---------- Material to process
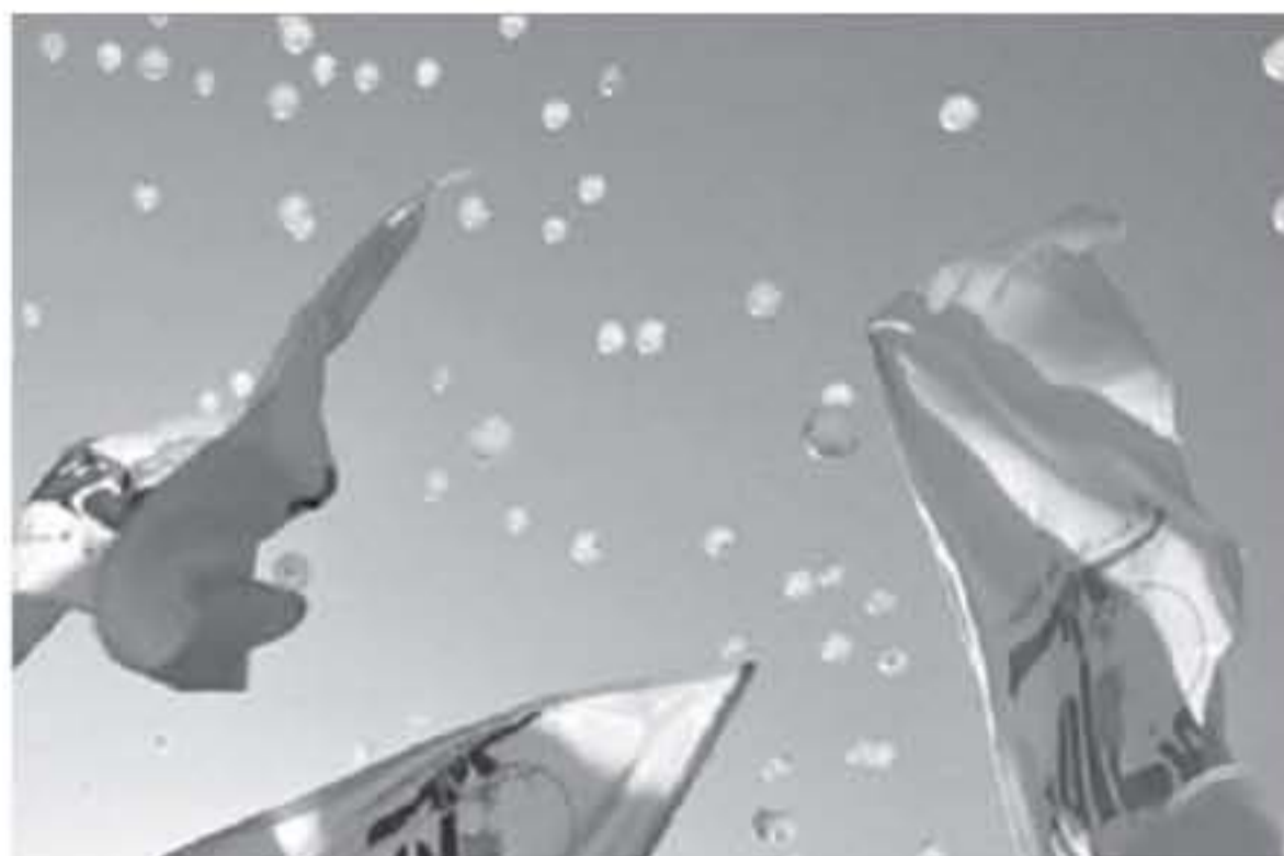
اعلام حزب الله ترهرف في سماء بيروت

الملا، بحسب وزارة الداخلية اللبنانية، وبعد الانتخابات البرلمانية هي الأولى التي تجري في لبنان منذ 9 سنوات.
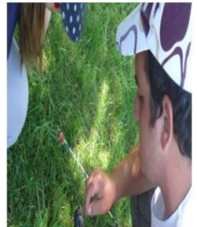
Imagem 7 - BTT e Tarde na TrutalCòa
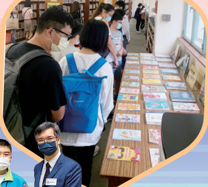
家長與學生參觀圖書館
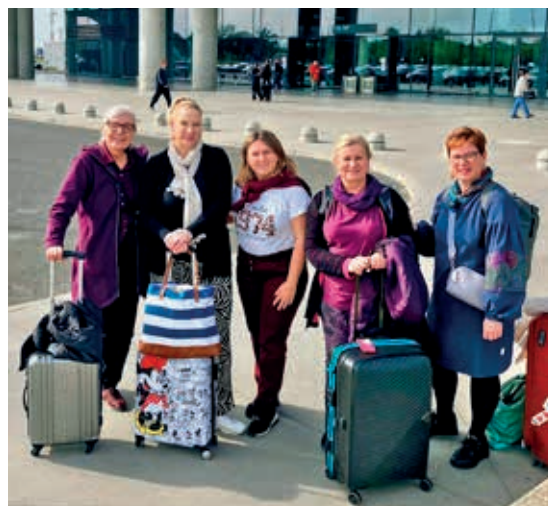
Otsolan edustajia Erasmus+-matkalla Kroatiaassa

Edessänne olevassa Otsolan kansalaisopiston syyslukukauden 2026 opetusohjelmassa on tarjolla tietoa, taitoja ja toimintaa Porissa, Eurajoella, Nakkilassa ja verkossa yli 460:n opintoryhmän, kurssin ja luennon verran. Totuttuun tapaan joukossa on niin vakiintuneita toimintoja kuin runsain määrin uusiakin aiheita – ukrainan alkeista enneagrammeihin, dekkarien kirjoittamisesta kimaltaviin peilimosaiikkeihin, viinikulttuurista minijoogareitittein, seniorisirkuksesta pyhiin järviin ja uhrilähteisiin.
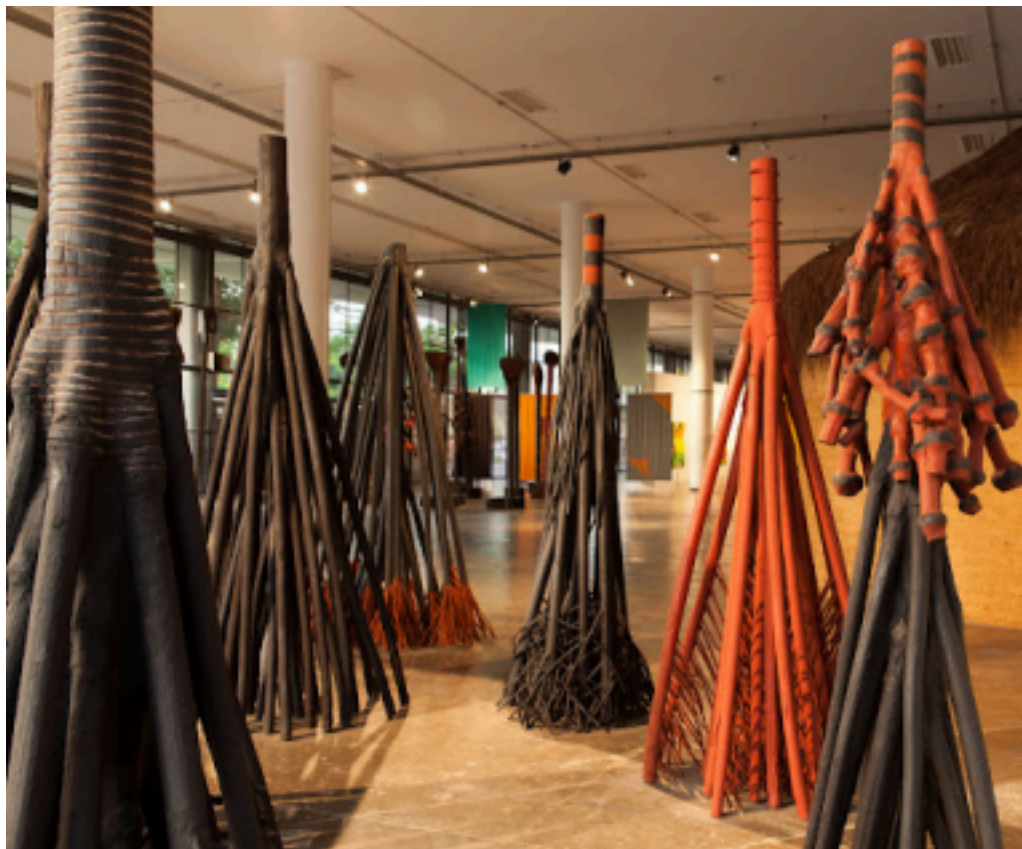
VISTA DA INSTALAÇÃO DE FRANS KRAJCBERG NA 32ª BIENAL DE SÃO PAULO, 2016
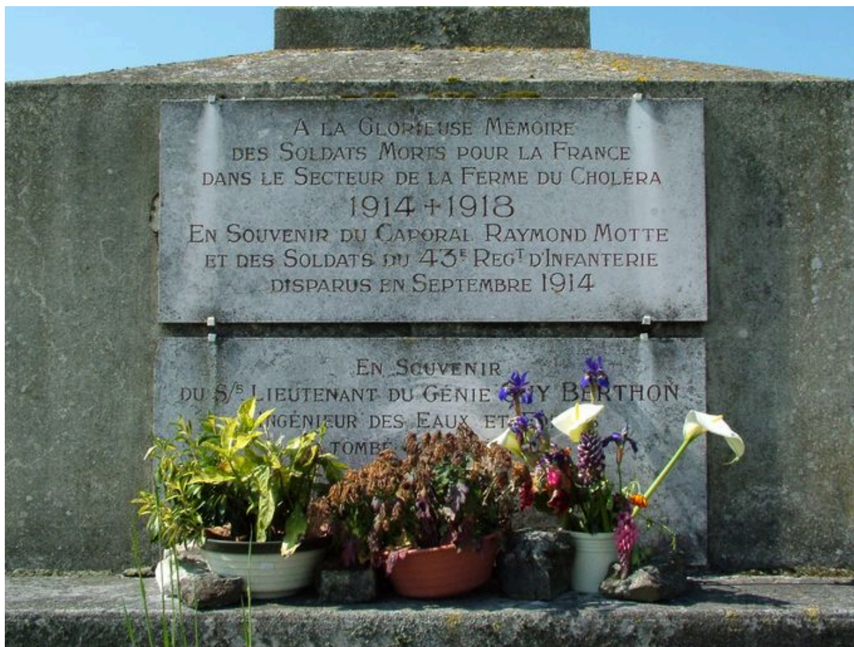
Détail d'une plaque commémorative.
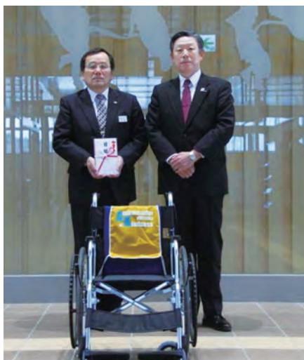
安藤支社長(左)と出町常務取締役
--------------------
Answer with one number only: how many lines of the entries above include the word "Otsolan"?

2